*** Opening LISTED RECORDS ***
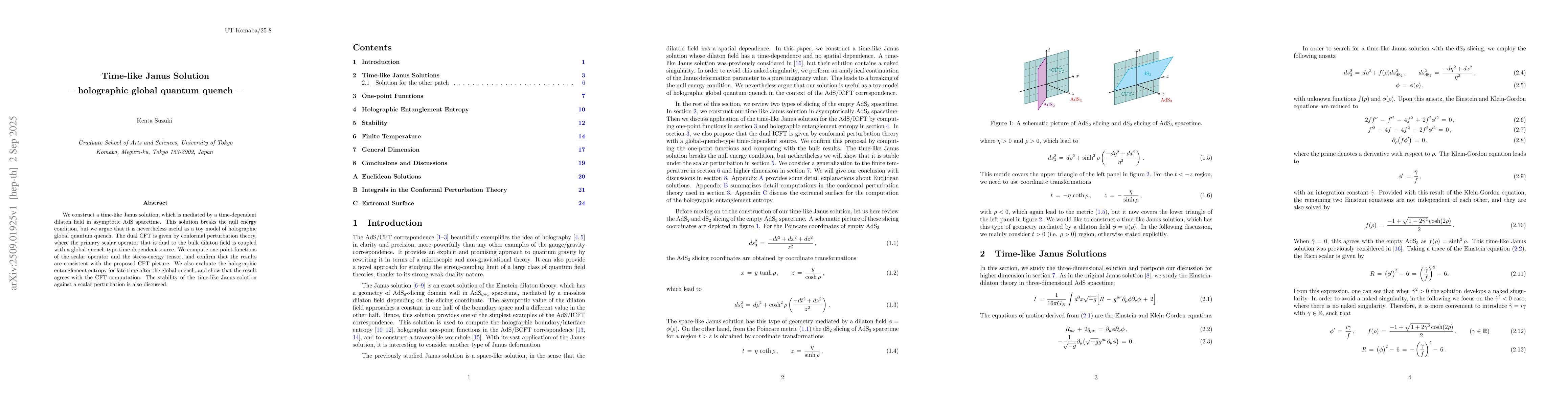 We construct a time-like Janus solution, which is mediated by a time-dependent dilaton field in asymptotic AdS spacetime. This solution breaks the null energy condition, but we argue that it is nevertheless useful as a toy model of holographic global quantum quench. The dual CFT is given by conformal perturbation theory, where the primary scalar operator that is dual to the bulk dilaton field is coupled with a global-quench-type time-dependent source. We compute one-point functions of the scalar operator and the stress-energy tensor, and confirm that the results are consistent with the proposed CFT picture. We also evaluate the holographic entanglement entropy for late time after the global quench, and show that the result agrees with the CFT computation. The stability of the time-like Janus solution against a scalar perturbation is also discussed.
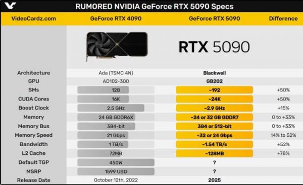 英伟达下代旗舰RTX 5090规格曝光 较4090提升高达70%
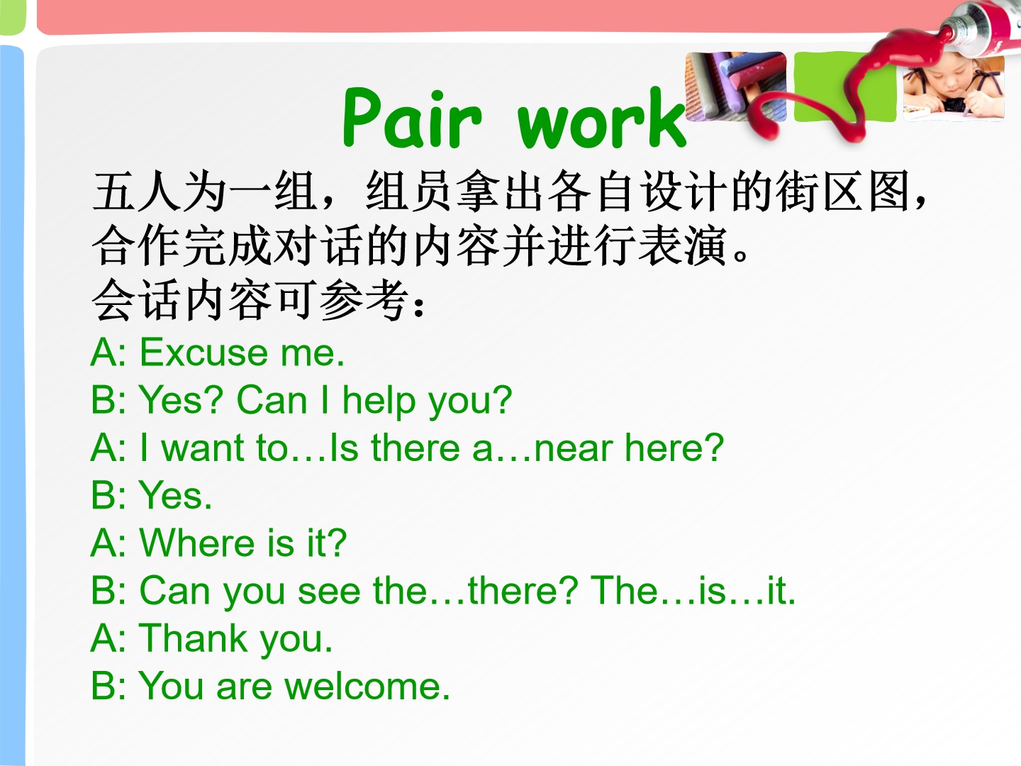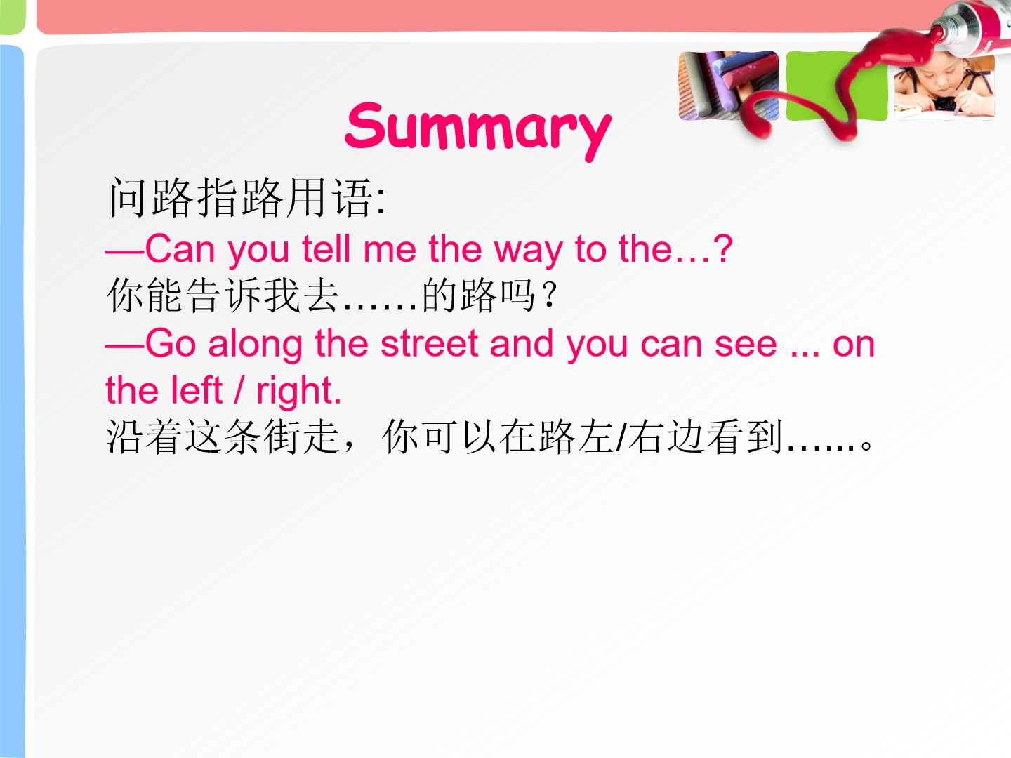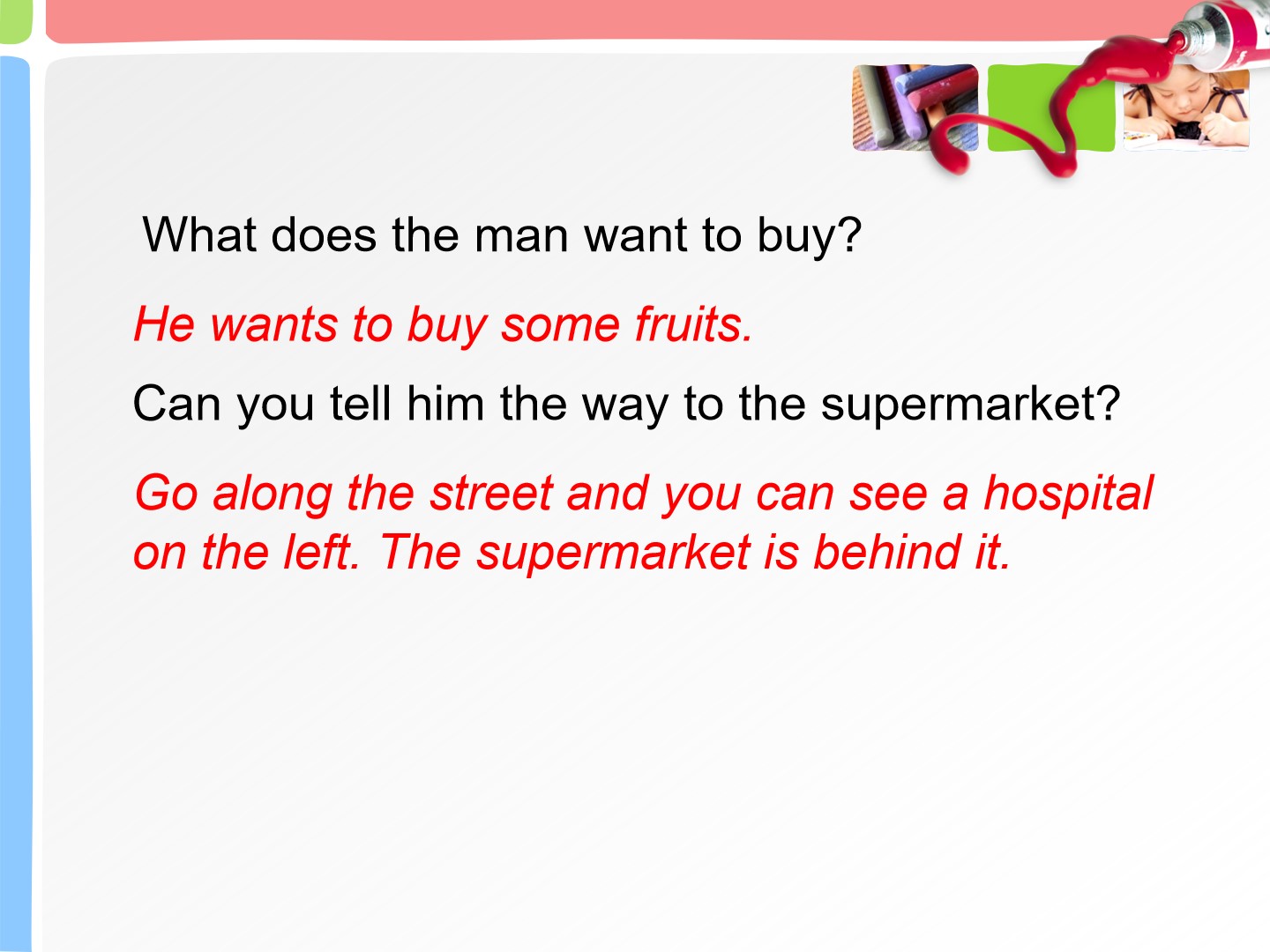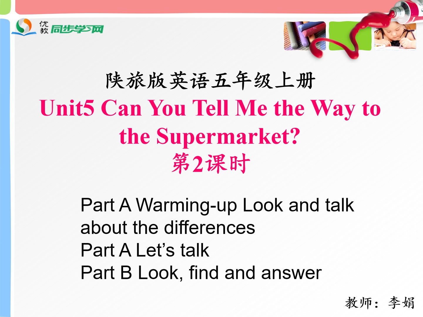 Unit5 Can you tell me the way to the supermarket? 第二课时教学课件 五年级上册 版本1 陕旅版
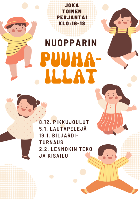 Lapset ja nuoret 30.11.2023 Karstulan-Kyyjärven 4H-yhdistys ry Päivi Heinonen Puuha-illat jatkuvat... Nuopparin puuha-illat jatkuvat joka toinen perjantai. Nyt ohjelmassa pikku-joulut, lautapelikerta, biljarditurnaus ja lennokin teko ja niillä kisailu. Jaa sosiaalisessa mediassa Aihealueen yhteistyöyritykset
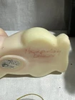 The Fenton Burmese Glass "Daydreaming Bear" figurine is a beautifully hand-painted and signed piece that features a floral pattern and a unique UV-glow feature. This decorative art glass piece was made in the 2000s using a pressed glass technique, showcasing a multicolor design with intricate details. The bear theme and Fenton brand add to its charm, making it a vintage addition to any glassware collection. At only 4.25 inches in length and 2.25 inches in height, this handmade figurine is a delightful and whimsical accent for any home decor. Can see slight glow from uv Halloween bulb I have but lighting not dark enough to show full effect Has slight scuff on face see photos
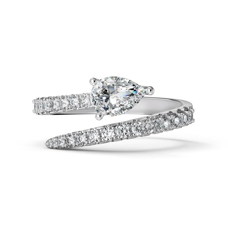 Jeulia "Star Trails" Bypass Design Pear Cut Sterling Silver Open Ring
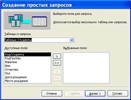 В окне база данных выбрать вкладку Запросы и дважды щелкнуть на пиктограмме Создание query с помощью мастера, появится окно Создание простых запросов.
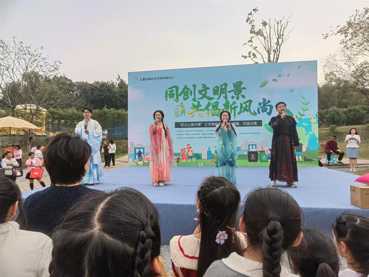 活动现场,主舞台区节目精彩纷呈。原创歌曲《大美江夏》深情唱响,三句半《普法宣传》诙谐生动,说唱节目《垃圾分类》节奏明快、朗朗上口,穿插其中的有奖问答环节更是点燃了观众的参与热情,“吃完的外卖餐盒(残留少量汤汁),正确处理方式是?”“吃剩的米饭、鸡骨属于什么垃圾?”这些贴近生活的问题,在轻松愉快的氛围中传递着科学分类的知识。
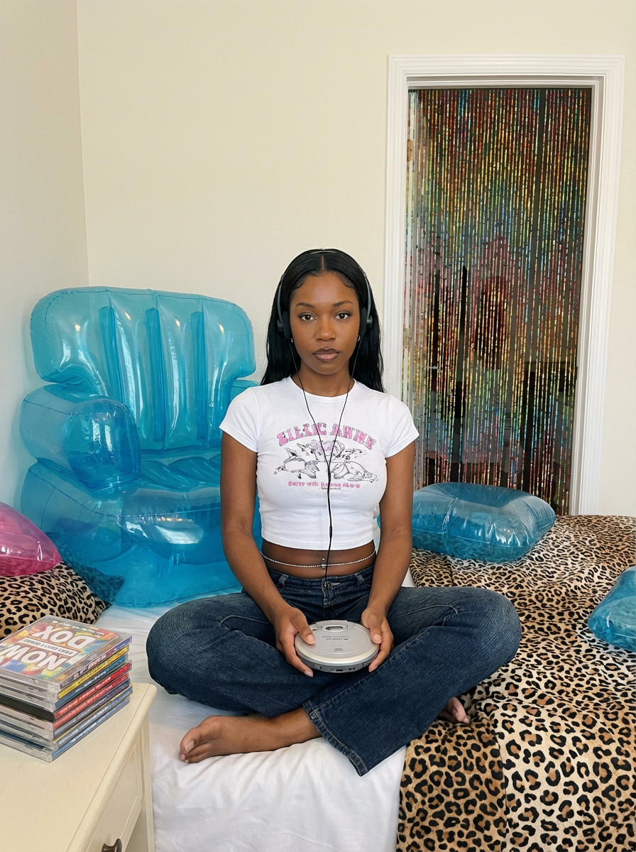 model sitting on a bed covered with inflatable furniture and leopard print bedding, wearing a baby tee with ultra low-rise jeans and belly chain , holding a portable CD player with foam headphones, stack of Now CDs nearby, beaded door curtain hanging in doorway
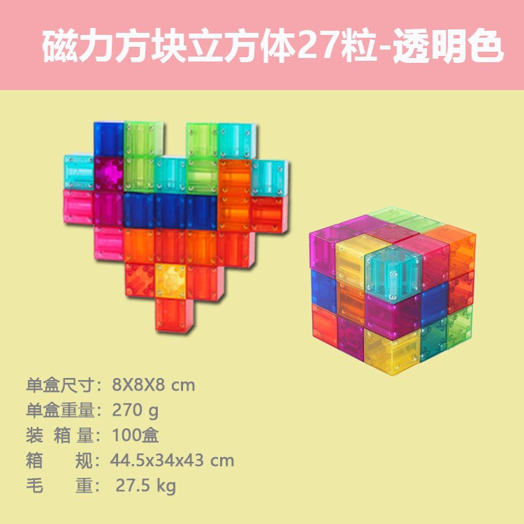 • 【입문용】 자석 큐브 27개 - 투명색 - 칼라 박스 포장
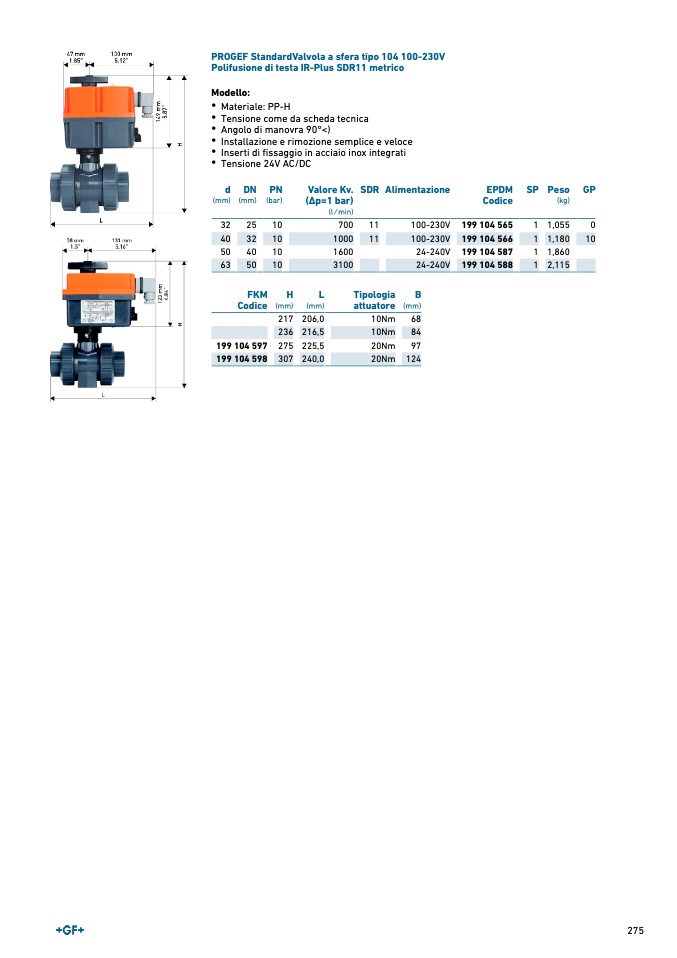 PROGEF StandardValvola a sfera tipo 104 100-230V
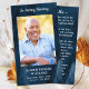 Simpatia de Mármore Azul Premium Cartões de Oração Funerários. Este simples cartão de oração memorial apresenta um elegante design de pedra de lapis azul. Frente "In Loving Memory" Personalize este cartão de oração do funeral memorial com a foto, o nome e as datas de seus entes queridos e o sentimento. Poema 'Miss Me', que pode ser personalizado, por favor, contacte se quiser uma design com um poema específico que não. Este cartão de oração memorial laminado será um guardião tesouro, para serviços funerários e celebração da vida. COPYRIGHT © 2020 Judy Burrows, Black Dog Art - Todos Os Direitos Reservados. Cartão de Oração de Foto Azul de Mármore Funeral
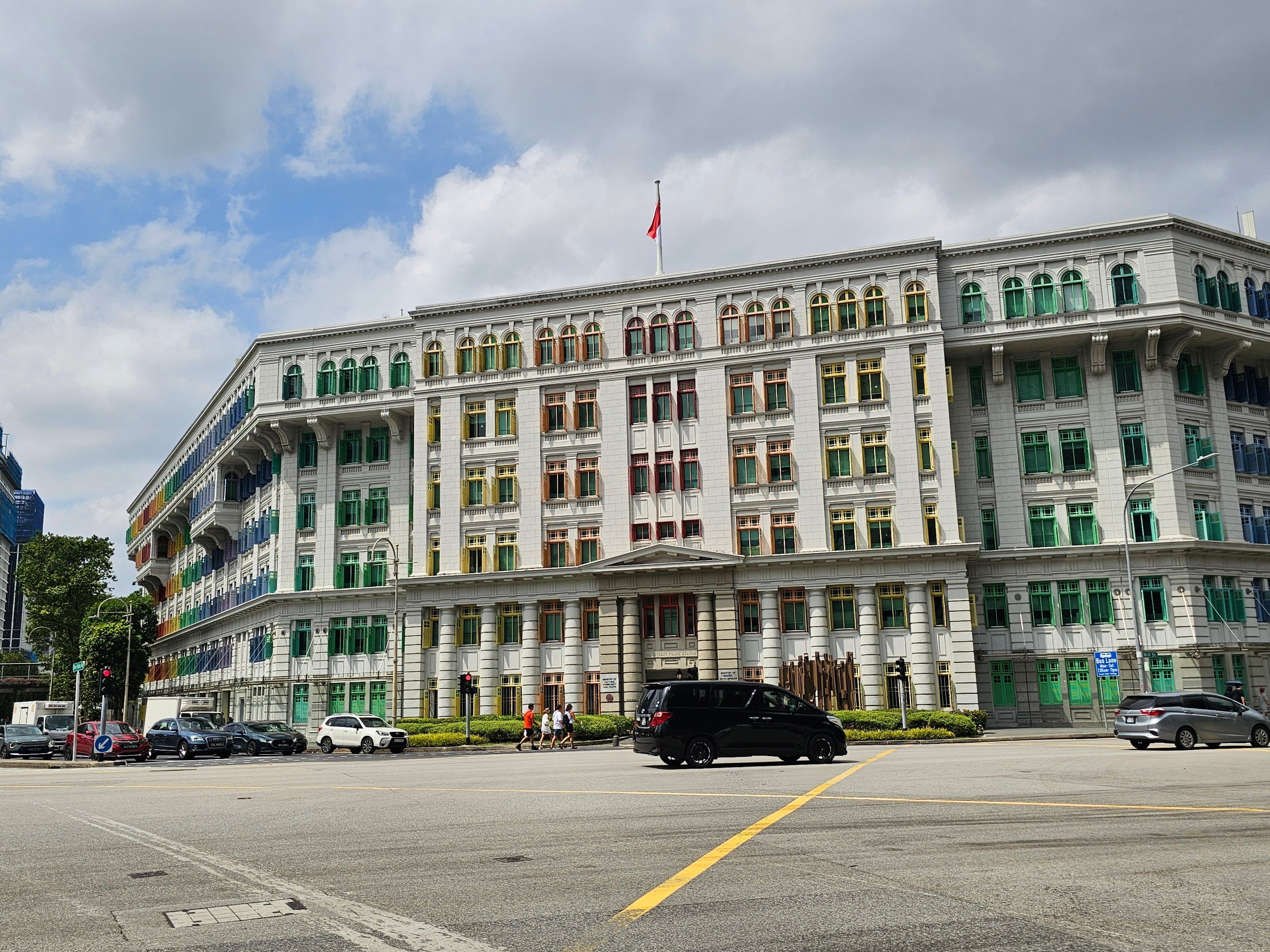 Die Old Hill Street Police Station ist eine ehemalige Polizeistation, die heute vor allem an ihrer Fassade zu erkennen ist - Hunderte von in verschiedenen Farben gestrichenen Fenstern machen sie zu einem der fotogensten Gebäude im Zentrum.
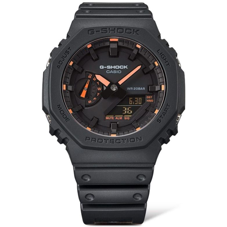 Tõsta mattmusta värviga eriline disain, mis on esile tõstetud neoonaktsentidega. ga-2100 kaheksanurkne kuju ja voolujooneline disain lisavad tekstuuriga mattmusta ja erksa neoonvärvi, et saada stiilselt lahe uus välimus. Fosforestseeruva värviga tunni- ja minutiosutajad jäävad pimedas nähtavaks, et hoida teid mängus terve päeva ja öö.
*** Closing LISTED RECORDS ***
• WHAT IS EXPECTED: What you return must match the lines above from the one with "В окне база" through the one with "PROGEF StandardValvola a" exactly, with both ends included and the pictures excluded.

• COMPLETED EXERCISE:
 В окне база данных выбрать вкладку Запросы и дважды щелкнуть на пиктограмме Создание query с помощью мастера, появится окно Создание простых запросов.
 活动现场,主舞台区节目精彩纷呈。原创歌曲《大美江夏》深情唱响,三句半《普法宣传》诙谐生动,说唱节目《垃圾分类》节奏明快、朗朗上口,穿插其中的有奖问答环节更是点燃了观众的参与热情,“吃完的外卖餐盒(残留少量汤汁),正确处理方式是?”“吃剩的米饭、鸡骨属于什么垃圾?”这些贴近生活的问题,在轻松愉快的氛围中传递着科学分类的知识。
 model sitting on a bed covered with inflatable furniture and leopard print bedding, wearing a baby tee with ultra low-rise jeans and belly chain , holding a portable CD player with foam headphones, stack of Now CDs nearby, beaded door curtain hanging in doorway
 • 【입문용】 자석 큐브 27개 - 투명색 - 칼라 박스 포장
 PROGEF StandardValvola a sfera tipo 104 100-230V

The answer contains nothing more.